**Directions:**
Taking only the lines of the data below from the line with "唐二代混动版配置图现在已经流" to the line with "This personalized Western", ends included, write them out exactly and without pictures.

**Extracted information:**
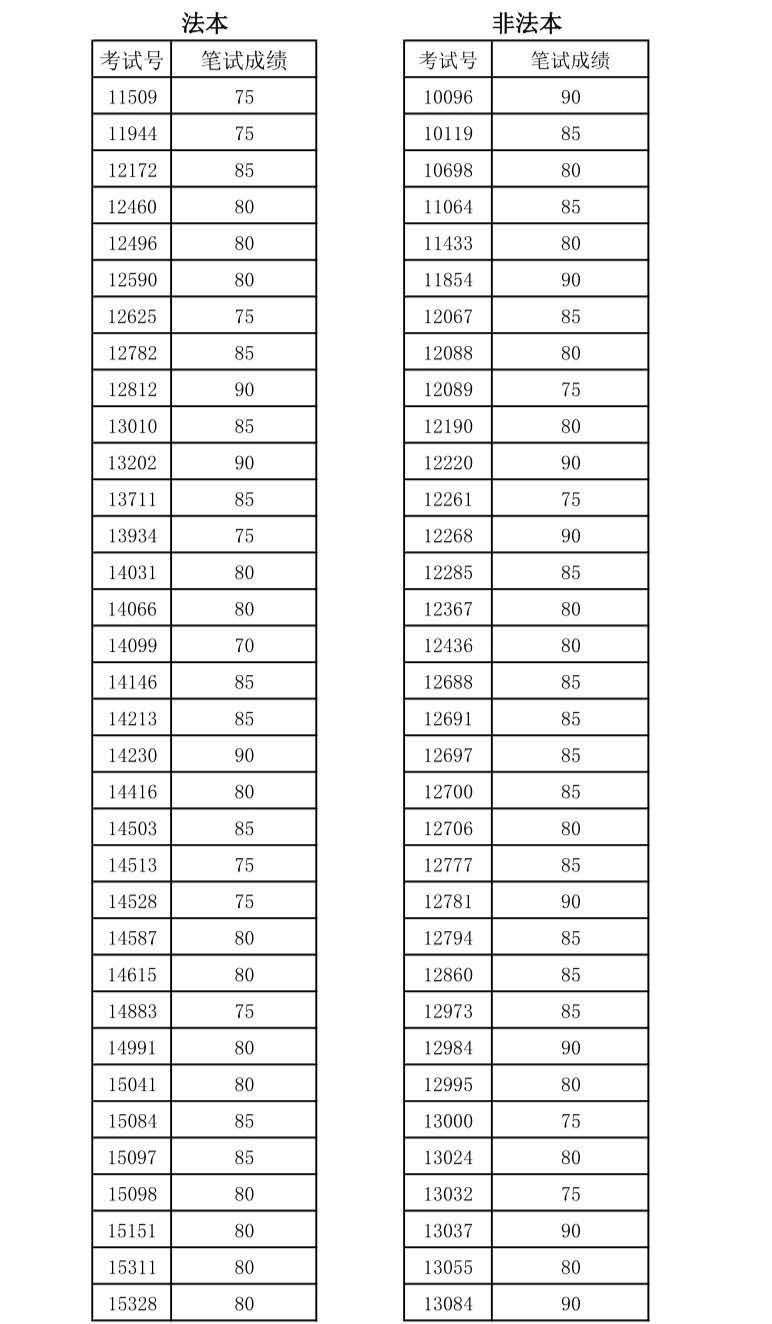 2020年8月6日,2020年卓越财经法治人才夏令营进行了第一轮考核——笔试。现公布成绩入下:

--

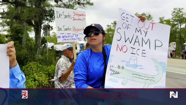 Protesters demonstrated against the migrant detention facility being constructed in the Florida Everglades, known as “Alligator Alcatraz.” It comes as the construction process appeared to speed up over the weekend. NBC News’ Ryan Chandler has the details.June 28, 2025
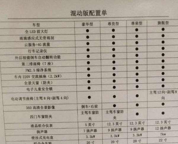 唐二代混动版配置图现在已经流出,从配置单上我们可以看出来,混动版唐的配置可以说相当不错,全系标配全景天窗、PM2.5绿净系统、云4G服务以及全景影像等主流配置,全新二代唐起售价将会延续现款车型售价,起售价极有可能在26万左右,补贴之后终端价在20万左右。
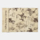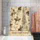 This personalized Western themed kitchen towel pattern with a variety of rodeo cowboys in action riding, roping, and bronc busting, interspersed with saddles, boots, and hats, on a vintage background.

**Reply to the task:**
 唐二代混动版配置图现在已经流出,从配置单上我们可以看出来,混动版唐的配置可以说相当不错,全系标配全景天窗、PM2.5绿净系统、云4G服务以及全景影像等主流配置,全新二代唐起售价将会延续现款车型售价,起售价极有可能在26万左右,补贴之后终端价在20万左右。
 This personalized Western themed kitchen towel pattern with a variety of rodeo cowboys in action riding, roping, and bronc busting, interspersed with saddles, boots, and hats, on a vintage background.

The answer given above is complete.